Kicking it Old School

By Julianne Dalcanton | November 19, 2008 1:49 pm

Google is now serving up more than a hundred years of photographs from Life Magazine. The pictures of the early days of astronomy are just spectacular. The archives contain images of many astronomers who were critical figures in the development of the field, but who have yet to have telescopes named after them. A large fraction of them also seemed to smoke pipes.

A huge hero of mine is Walter Baade. Baade was the guy who essentially took over observations at Mt Wilson during the blackouts of WWII. With the lights of Los Angeles snuffed out, and unable to serve in the military himself, he pushed the telescopes on Mt Wilson to their limits, and established the study of stellar populations in nearby galaxies.


There are some terrific pictures of Walter Adams working at Mt Wilson. In the picture below, he’s holding the telescope controls used for guiding. During an astronomical observation, you have to move the telescope to compensate for the earth’s rotation. Nowadays, your computer can take care of it by adjusting the position to keep a bright star at a fixed position on a CCD camera. Back then, you looked through a little spotting scope, and manually adjusted the telescope position to keep it pointed at the right part of the sky. If you let it drift, your image would be blurry. No pee breaks for you, Dr. Adams!

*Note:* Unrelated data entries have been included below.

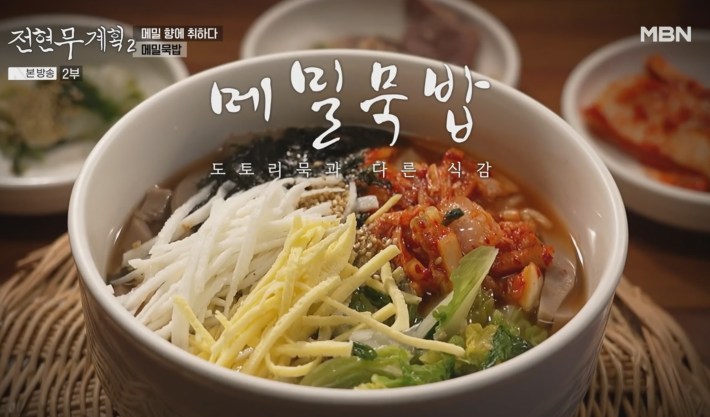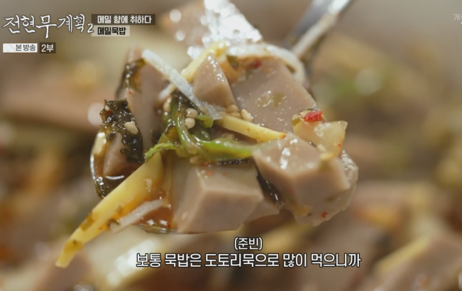 도토리묵과는 다른 식감을 자랑하는 메밀묵밥도 이곳의 인기 메뉴 중 하나입니다. 쫄깃하면서도 부드러운 메밀묵의 식감과 함께 다양한 채소가 어우러져 건강한 한 끼를 즐길 수 있습니다.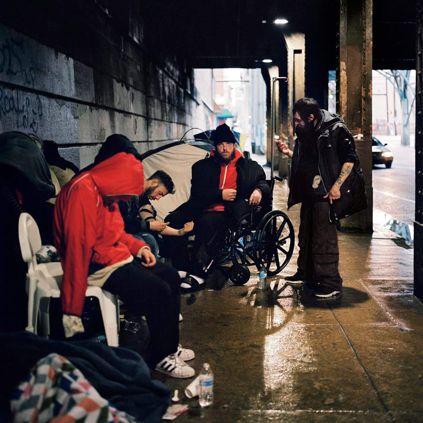 Another image included in the exhibition depicts a group of four men huddled together among a row of tents and blankets. “Heroin users often rely on one another to inject their drugs for them in their necks, when accessible veins collapse and are no longer usable,” reads the caption. At the photograph’s center is a man sitting in a wheelchair wearing a black jacket and red hoodie. Nearby is a man that crouches over his arm, which is tightly bound in preparation for injection. In the foreground, another man in a plastic chair slumps over himself, passed out.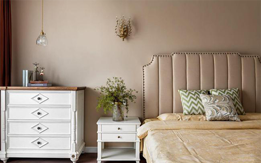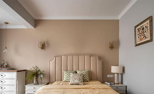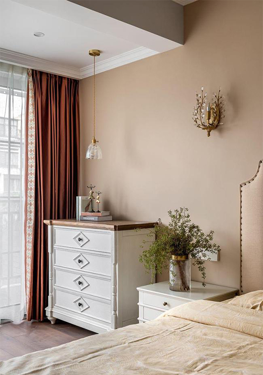 優(yōu)雅溫暖的主臥擁有利落的線條和清爽的色彩,空間布局簡(jiǎn)潔。無(wú)論是吊燈,還是地板,都沒有瑣碎的設(shè)計(jì)。設(shè)計(jì)師把外陽(yáng)臺(tái)拉進(jìn)房間,增大了主臥的面積。奶茶色調(diào)呼應(yīng)客廳,柔滑質(zhì)感的絲綢床品、黃銅的燈飾、花香的點(diǎn)綴,將空間曼妙輕盈的舒適感詮釋到了極致。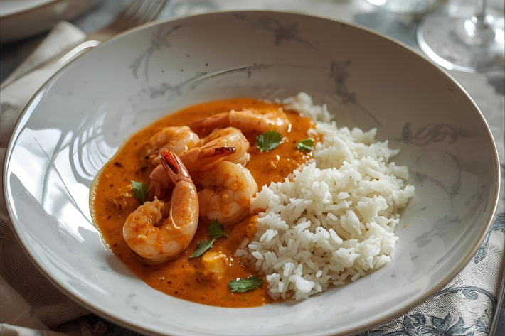 Primer plato: Gambones en salsa cremosa de chile chipotle, servidos con arroz basmati.

The guy kneeling in the figure below is Gerard Kuiper, working on a telescope at McDonald Observatory. He was a planetary astronomer, and the guy for whom the “Kuiper Belt” in the outer solar system was named, although Edgeworth probably deserved more credit for it. (Kuiper actually does have an airborne observatory named after him).

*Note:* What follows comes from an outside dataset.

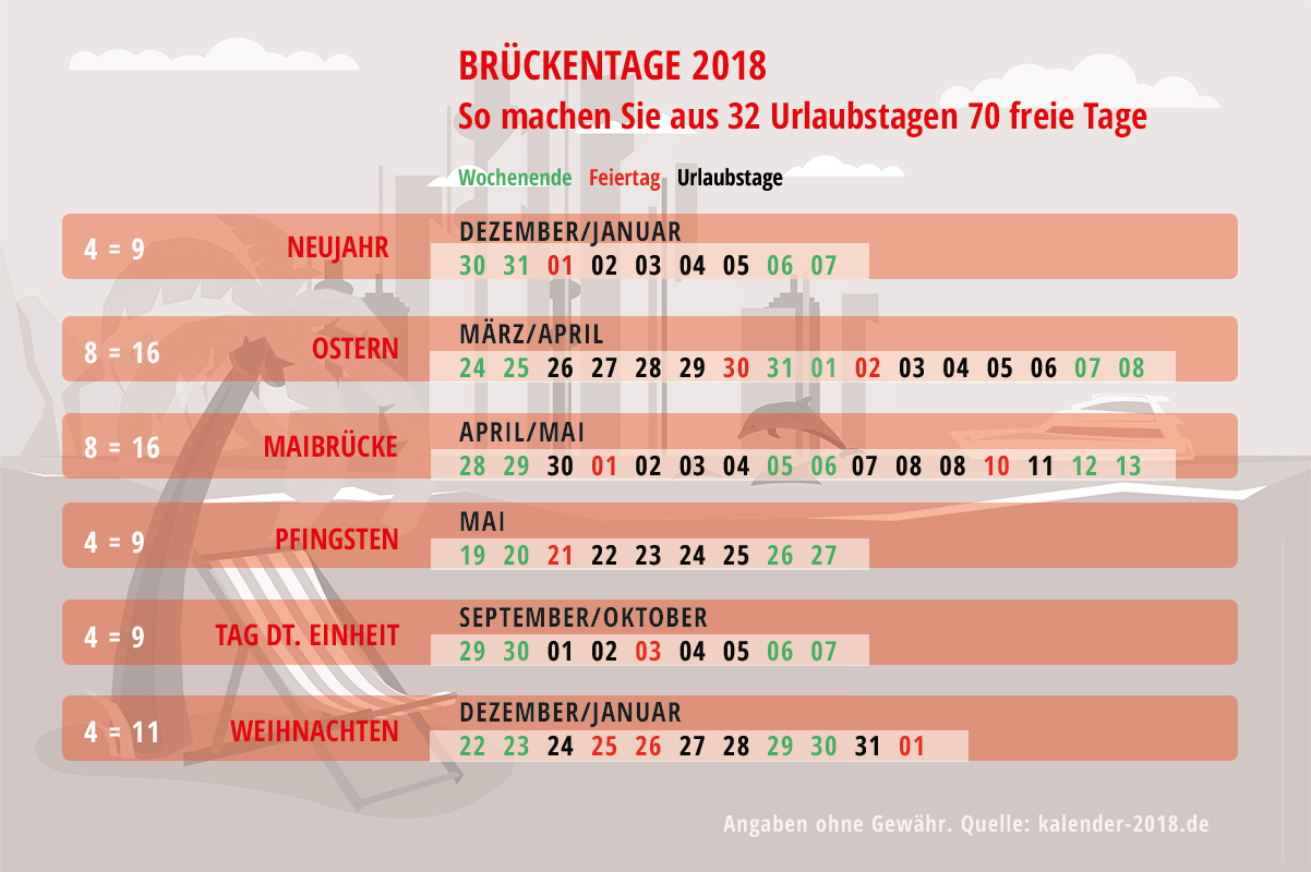 Neujahrsbrücke: Nehmen Sie sich vom 2. bis 5.Januar frei, damit können Sie ganze 9 Tage Freizeit ergattern. Pfingstbrücke: Der Pfingstmontag fällt auf den 21. Mai: nehmen Sie sich den Rest der Woche frei und erhalten Sie mit den Wochenenden davor und danach 9 freie Tage. Einheitsbrücke: Der Tag der dt. Einheit fällt auf einen Mittwoch. So werden aus 4 Urlaubstagen 9 freie Tage.

And you have to love this picture of Frank Drake, working at the National Radio Astronomy Observatory in Greenbank West Virginia. You really can never have enough toggle switches. FYI, Drake is the guy behind the “Drake Equation”, used to estimate the likelihood of contact with extraterrestrial civilizations.


And finally, a wonderful overhead shot of the 100″ telescope at Mt. Wilson

Mt Wilson overhead

The pictures above are a tiny fraction of the available pictures of working scientists. Cancel your afternoon appointments and dive in.